Após pressão do setor produtivo, Pivetta mantém Fethab e indica mudança estrutural
Política POR: Redação
POSTADO EM: 11/04/2026
Governador confirma manutenção do modelo atual até o fim de 2026 e abre caminho para possível extinção do Fethab 2, alvo de críticas do setor produtivo.
O Governador de Mato Grosso, Otaviano Pivetta, confirmou a manutenção do congelamento do Fundo Estadual de Transporte e Habitação (Fethab) até dezembro de 2026 e sinalizou uma mudança mais profunda: o fim do chamado Fethab 2 a partir de 2027.
A decisão ocorre em meio à crescente pressão do setor produtivo, que há meses cobra do governo estadual medidas para aliviar os custos no campo. O Fethab, principal mecanismo de financiamento da infraestrutura logística do Estado, tem sido apontado por produtores como um dos fatores que impactam diretamente a rentabilidade das atividades agropecuárias.
O congelamento já havia sido formalizado por decreto estadual, que mantém os valores da base de cálculo sem reajustes ao longo de 2026, garantindo previsibilidade aos produtores em um cenário econômico considerado desafiador.
Na prática, o governo decidiu utilizar como referência os valores da Unidade Padrão Fiscal (UPF) de 2025 para todo o ano seguinte, evitando aumentos automáticos na contribuição.
A sinalização mais relevante, no entanto, está no futuro do Fethab 2 — modalidade adicional do fundo que incide sobre determinadas cadeias produtivas. Segundo Pivetta, a tendência é que o mecanismo não seja renovado após o prazo atual, que se encerra em dezembro de 2026.
A possível extinção atende diretamente a uma das principais reivindicações do agronegócio mato-grossense. Entidades do setor vêm alertando para o impacto do tributo sobre as margens de produção, especialmente em um cenário de custos elevados e queda na rentabilidade.
Dados apresentados por representantes do setor indicam que, em algumas culturas, o custo do Fethab já supera ou compromete significativamente o lucro líquido dos produtores, intensificando o debate sobre a sustentabilidade do modelo atual.

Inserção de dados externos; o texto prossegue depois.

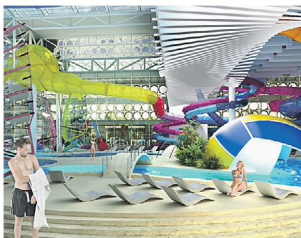
Проект аквакомплекса, который откроется на территории «Лужников»
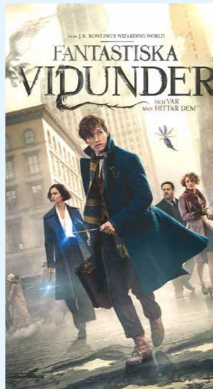
Filmvisning Fantastiska vidunder.

Kom till biblioteket och pyssla trollstavar, enhörningar och annat magiskt.
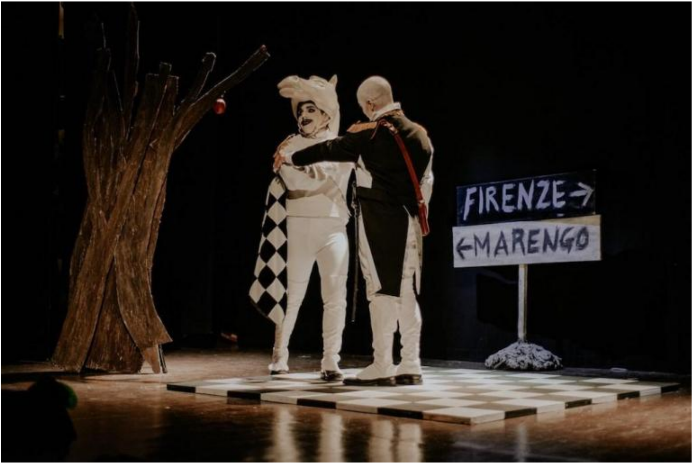
La macchia dâ??inchiostro
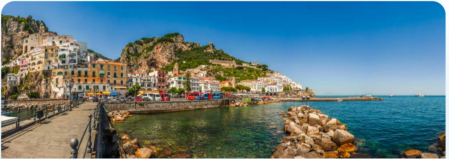
Zauberhafte Ausblicke auf Amalfi
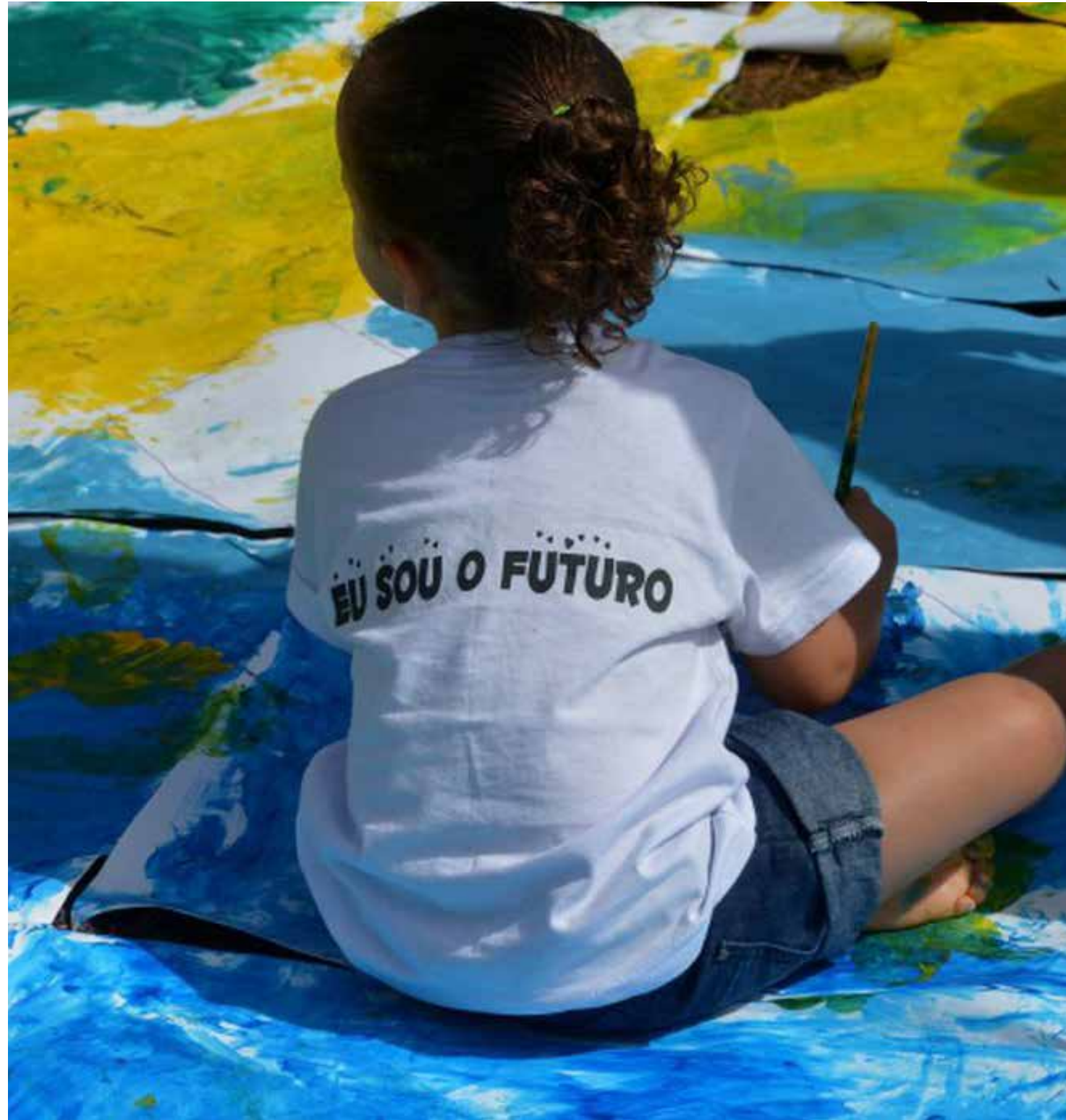
Em 2021, o Brasil registrou cerca de 2,6 milhões de nascimentos, segundo o IBGE

No ano 2000, o economista James Heckman recebeu o Prêmio Nobel de Economia pelo estudo, que realiza

A posição de Pivetta é interpretada como um movimento de equilíbrio entre responsabilidade fiscal e pressão política do agronegócio, principal base econômica do Estado.
Apesar da sinalização positiva ao setor, o governo ainda evita cravar uma decisão definitiva, destacando que qualquer mudança precisará considerar o impacto nas contas públicas, já que o Fethab é uma das principais fontes de investimento em infraestrutura, especialmente em rodovias.
A manutenção do congelamento e a possível extinção do Fethab 2 colocam o tema no centro do debate político e econômico em Mato Grosso — com reflexos diretos nas eleições e nas articulações entre governo e setor produtivo nos próximos meses.